How to write a regex expression in matches activity?

BM0031 PRINCIPLES OF ACCOUNTING
PRINCIPLES OF FINANCIAL MANAGEMENT/BUSINESS FINANCE

Above 2 are the different formats that I want to extract from different word documents how do I write the regex expression and also the input for this ? Would be great to have an example to use or reference to.

Just write the regex into “pattern” property.
by the way, I am not sure what’s your requirement

Hi, my requirement is to extract module syllabus and I want to extract for example the module name and module code in my prev post. They are both in different formats. I want to extract the name as module name and the code as module code and if there is no module code it will return empty.

Two questions:

  1. What is your input?
  2. What do you want the regex to be able to get from that input?
  1. my input is multiple word documents.
  2. The regex must be able to get the different formatting of the same syllabus. e.g. module name and module code. The start of the word documents have this:
    BM0031 PRINCIPLES OF ACCOUNTING
    PRINCIPLES OF FINANCIAL MANAGEMENT/BUSINESS FINANCE
    This 2 are from 2 different word documents and I want to write a regex that reads this 2 different patterns and stores the BM0031 as module code and the name as module name.

Hi @Jovian_Low,

Need more inputs then only we can give the exact regex format.

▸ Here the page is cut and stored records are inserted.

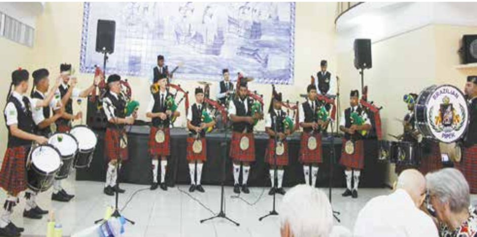
A banda Brazilian Piper, foi uma das atrações da festa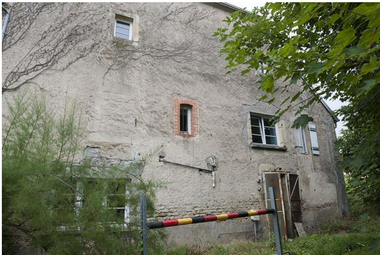
Façade latérale droite de la maison.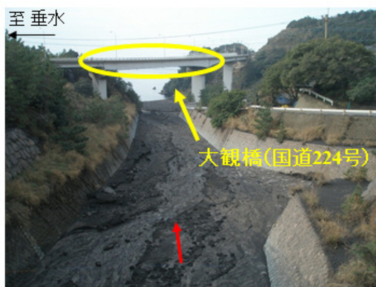
写真① 第一有村橋から下流を望む（H27. 2. 23 9時30分撮影）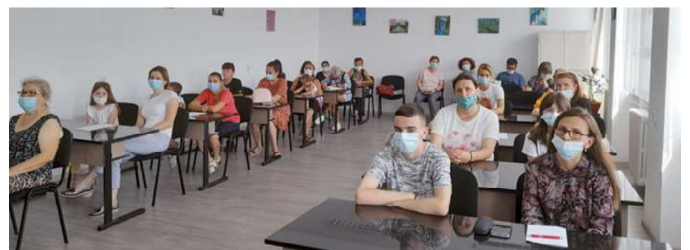
Școala Gimnazială Spiru Haret Dorohoi

You can use regex101.com to test the regex

I have inputs like BM0031 PRINCPLES OF ACCOUNTING, PRINCIPLES OF FINANCIAL MANAGEMENT/BUSINESS FINANCE, BM0523 SERVICES MARKETING MANAGEMENT, IT1528 CYBER SECURITY TECHNOLOGY, LAW AND ETHICS, IT3526 Cyber Security Attack & Defense etc… I want to write a regex format that can read all this types.

HI @Jovian_Low,

For Getting Book Code use the below pattern

Pattern -> ([A-Za-z]{2}[0-9]{4})

For Getting all the book name in the line

Pattern -> (?<=[A-Za-z]{2}[0-9]{4}).*?(?=[A-Za-z]{2}[0-9]{4})

Regards,
Arivu

Hi, I tried the book code and the attached images is what i did for my entire program.


This is the first part of the program

Second part of the program

This is my output in excel. Why do I get this and not the book code?


Please help!!

Can u send me the xaml file I ll check and update u

Here it is thanks alot.Regex.xaml (12.7 KB)

“The start of the word documents have this:
BM0031 PRINCIPLES OF ACCOUNTING
PRINCIPLES OF FINANCIAL MANAGEMENT/BUSINESS FINANCE”

I see that in the second case, the module name is not be preceded by a module code. Now, if this is all the input we have, it won’t be a problem to create a regex for this. But, your documents will have much more text than just these names which means the generic regex we create won’t work. And we have to figure out a way to separate the module name and code from the rest of the text.

Please share a sample document which has your input.

Hey @Jovian_Low

Use the For Each Activity with Argument System.Text.RegularExpressions.Match then traverse.

you are directly passing Matches output value to Add Data Row so getting that output.

Regards…!!
Aksh

FYI, assuming module code starts with 2 alphabets followed by 4 digits, ([A-Za-z]{2}[0-9]{4}) this would work just fine.

@aksh1yadav Hi, I am quite new to uipath do you have an example on what you just wrote ?

hi @siddharth I tried it but it doesn;t return me the module code in the excel.

@siddharth I have an attached xaml file above with that pattern in matches activity.

I’ve just downloaded your workflow. I know the problem you might be facing.